** The data follows **

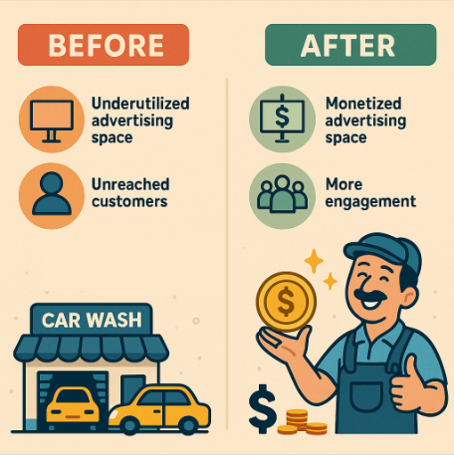 Car wash customers are a captive audience—no scrolling, skipping, or driving past. Conventional advertising has no interaction, no data, and no conversion tracking…..but with Washboardz…. We do!
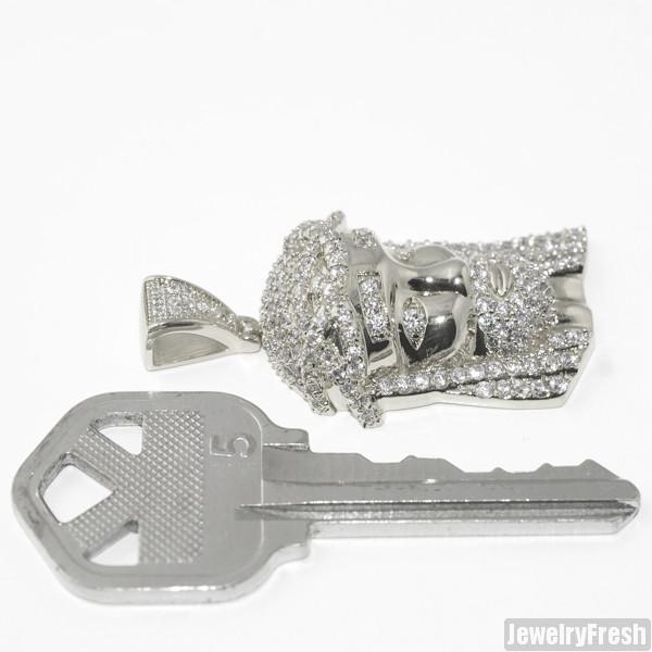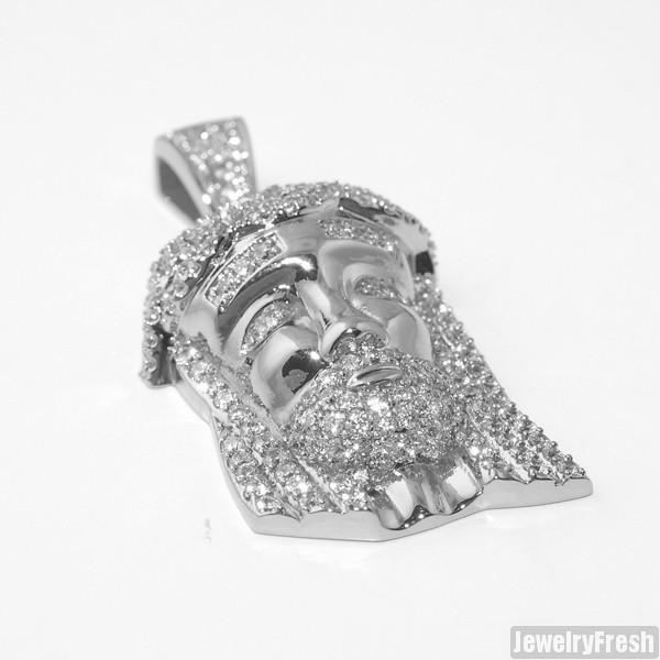 You're looking at a mini sized Jesus head 3D pendant with incredible detail. You seen this piece on celebrities now get the same look for a fraction of the cost. This piece is made with VVS flawless lab made simulated diamonds. All stones are hand set pave style. The piece has a caged back, made in solid brass and wrapped in rhodium. This looks and feels identical to a $1000+ version. Order yours today!
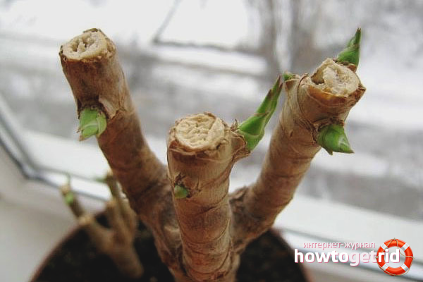 Removed dracaena parts do not have to be thrown away. Preparations can be sprouted in a glass of warm water or a container with sphagnum. Sprouts that have acquired their own roots are planted in the pot in which the mother stem lives, or a new small pot.
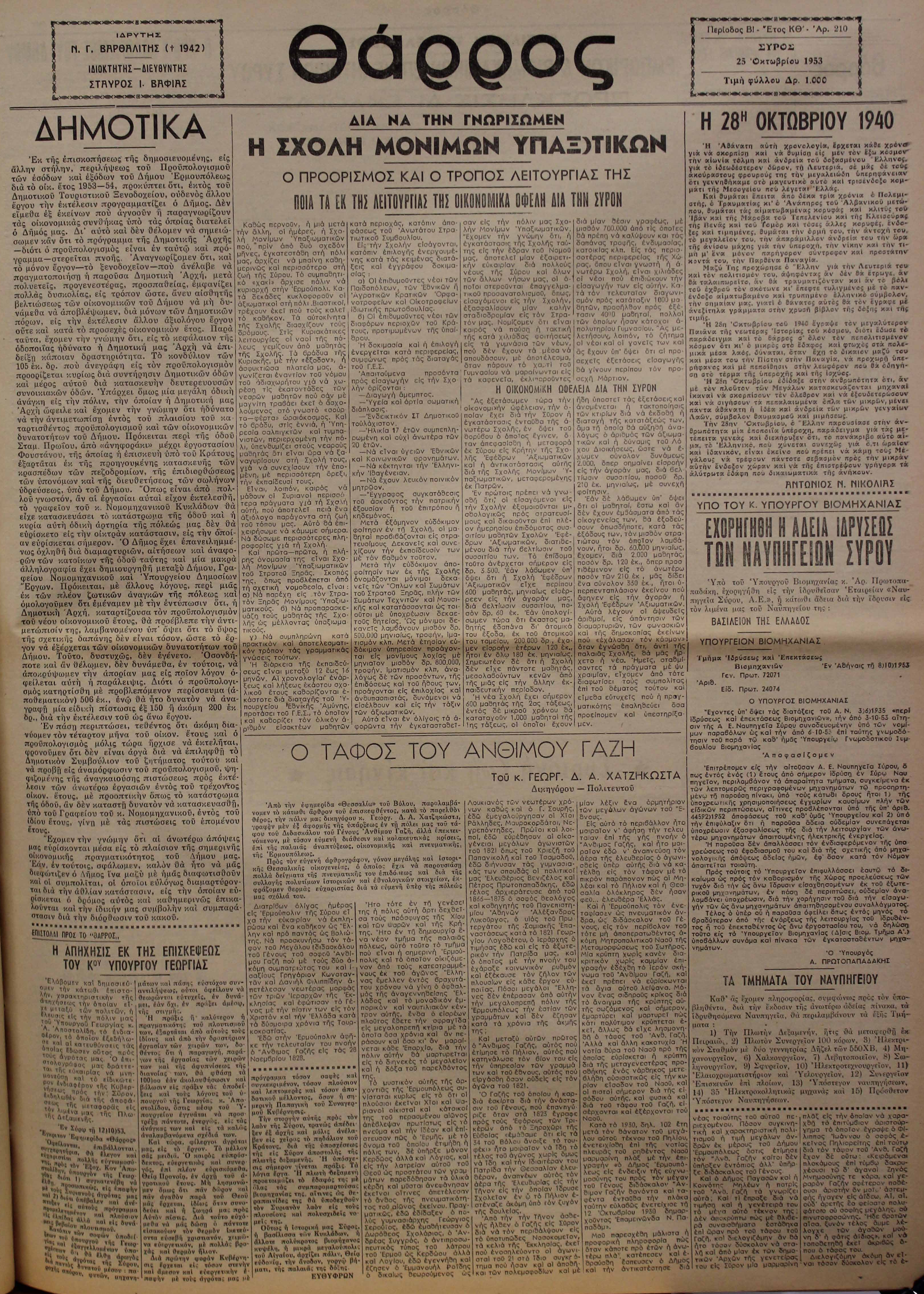 25 Οκτ 1953 [Αρ. Φύλλου 210]

** End of The data **

* Your objective
Pictures are to be omitted. Output verbatim only the lines from the one holding "Removed dracaena parts" through the end of the material, both included.

* Solution for this exercise
 Removed dracaena parts do not have to be thrown away. Preparations can be sprouted in a glass of warm water or a container with sphagnum. Sprouts that have acquired their own roots are planted in the pot in which the mother stem lives, or a new small pot.
 25 Οκτ 1953 [Αρ. Φύλλου 210]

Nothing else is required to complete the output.